Bien qu’elle n’ait pas le prestige et la lumière des étoiles des séries scénarisées, la perspective de Nicole Kidman nous honorant de son éclat lumineux, la télé-réalité a montré suffisamment d’influence et de durabilité pour mériter un traitement sérieux en plus des ricanements habituels et des ricanements condescendants, et la voici : Danielle « True Story: What Reality TV Says About Us » de J. Lindemann. Un professeur de sociologie à Lehigh dont les livres précédents ont étudié les mariages de banlieue et la dominatrice professionnelle – une excellente préparation pour analyser les aventures de « The Real Housewives of Beverly Hills » – Lindemann soutient qu’en tendant un miroir à la société, la télé-réalité a beaucoup à transmettre une fois que nous aurons dépassé l’histrionique. « Il peut sembler contre-intuitif qu’un genre axé sur des personnalités loufoques et des cas extrêmes ait tant à nous apprendre sur nos propres vies ordinaires », écrit-elle, mais regardez assez fort et vous remarquerez que vos propres traits déformés se retournent : « Nous » re voyeurs, mais une partie de ce qui nous tente dans ces spectacles de monstres, c’est que les monstres sont nous-mêmes. (Je préfère la désignation de Goldman de «belles démonstrations», anticipant mieux l’hédonisme poli de «Vanderpump Rules», «Love Island» et «Too Hot to Handle», mais ne nous attardons pas sur la nomenclature.) Le fait est que pour Lindemann, regarder la télé-réalité n’est pas une ingestion passive mais un processus subtil de lissage, une codépendance fantôme. C’est un phénomène qui vaut la peine d’être étudié, écrit-elle, « à cause de ce qu’il fait à nous. L’expérience de regarder ces émissions, comme de se regarder dans n’importe quel miroir, est interactive. Nous nous voyons, puis nous nous préparons en conséquence.

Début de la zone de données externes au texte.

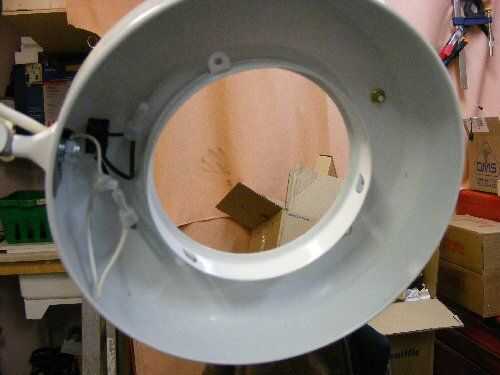 Desechar la pieza de metal de reflector blanco completa con enchufe y lámpara de arranque parte (mina era calor shrinked en negro), conservando la mayor parte del cable.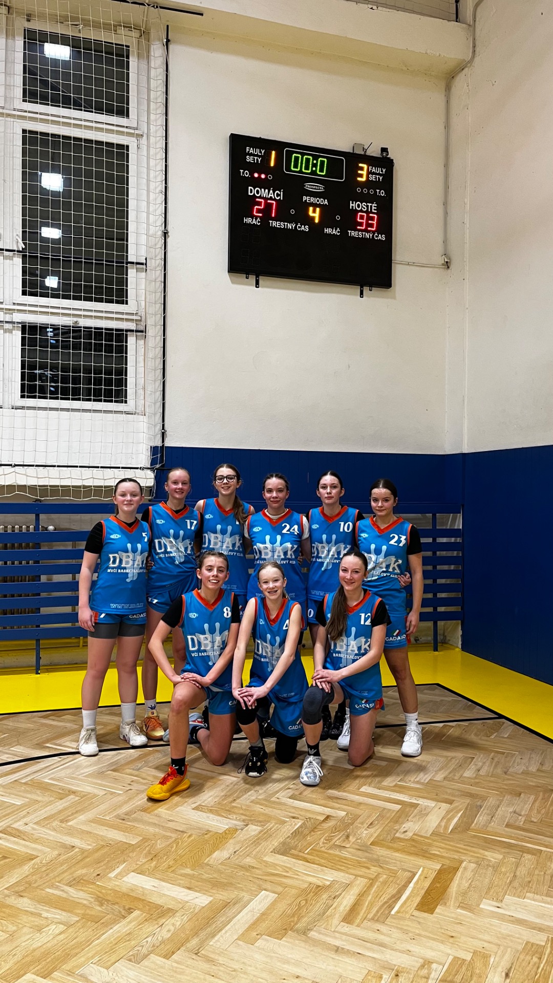 zápas. Tento zápas toho byl jasným důkazem. Byli jsme samozřejmě limitováni úzkou rotací, kde se tato situace v průběhu zápasu neustále zhoršovala. První zranění přišlo už v první čtvrtině a bohužel nebylo poslední! Další bohužel navíc přineslo dlouhodobé zranění. Takže dohrávání v sedmi lidech se projevilo na odskoku soupeře z vyrovnaného skóre v posledních minutách, kde jsme fyzicky odpadli a dostali několik jednoduchých košů. Ale abych přešel zpět do pozitivního hodnocení. Bylo pozitivní, jak často jsme v soutěži U15 dostávali pod tlak driblujicí soupeřky, jak relativně snadno jsme překonávali jejich zón-press a byli schopni dát střely ze střední vzdálenosti. Měli bychom si udržet zkušenost, že proti výrazně vyšším hráčkám nedává smysl atakovat zabetonovanou bednu, ale zkusit situaci řešit napíchnutím obrany, shozením, následnou otevřenou střelou a důrazným doskokem. V každém případě, respekt sedmi statečným za dobojování zápasu!"

Ici, le temps de toilettage au zoo est divisé en chapitres de recherche exhaustive explorant comment le médium dépeint, déforme ou esquive complètement les complexités de la race et du sexe (le stéréotype des femmes noires comme des volcans naissants), de la classe, de la sexualité, de l’enfance, de la famille, etc. : le plateau combo intersectionnel. Peu importe à quel point les émissions semblent sombres, il existe une sous-couche conservatrice qui maintient les normes familières en place. Lindemann est instructif sur le différentiel de pouvoir entre les hommes et les femmes dans la télé-réalité, à quel point ils sont considérés et récompensés différemment pour leurs bouffonneries et leur gymnastique faciale. « Avec sa fanfaronnade et son penchant pour la décoration dorée, Donald Trump aurait pu faire une excellente Real Housewife », observe-t-elle. « Pourtant, ces femmes se lancent toujours des verres à vin sur Bravo, et il a été président. » Aussi diversifiée et inclusive que soit devenue la télé-réalité, la prérogative masculine occupe toujours la couchette du haut.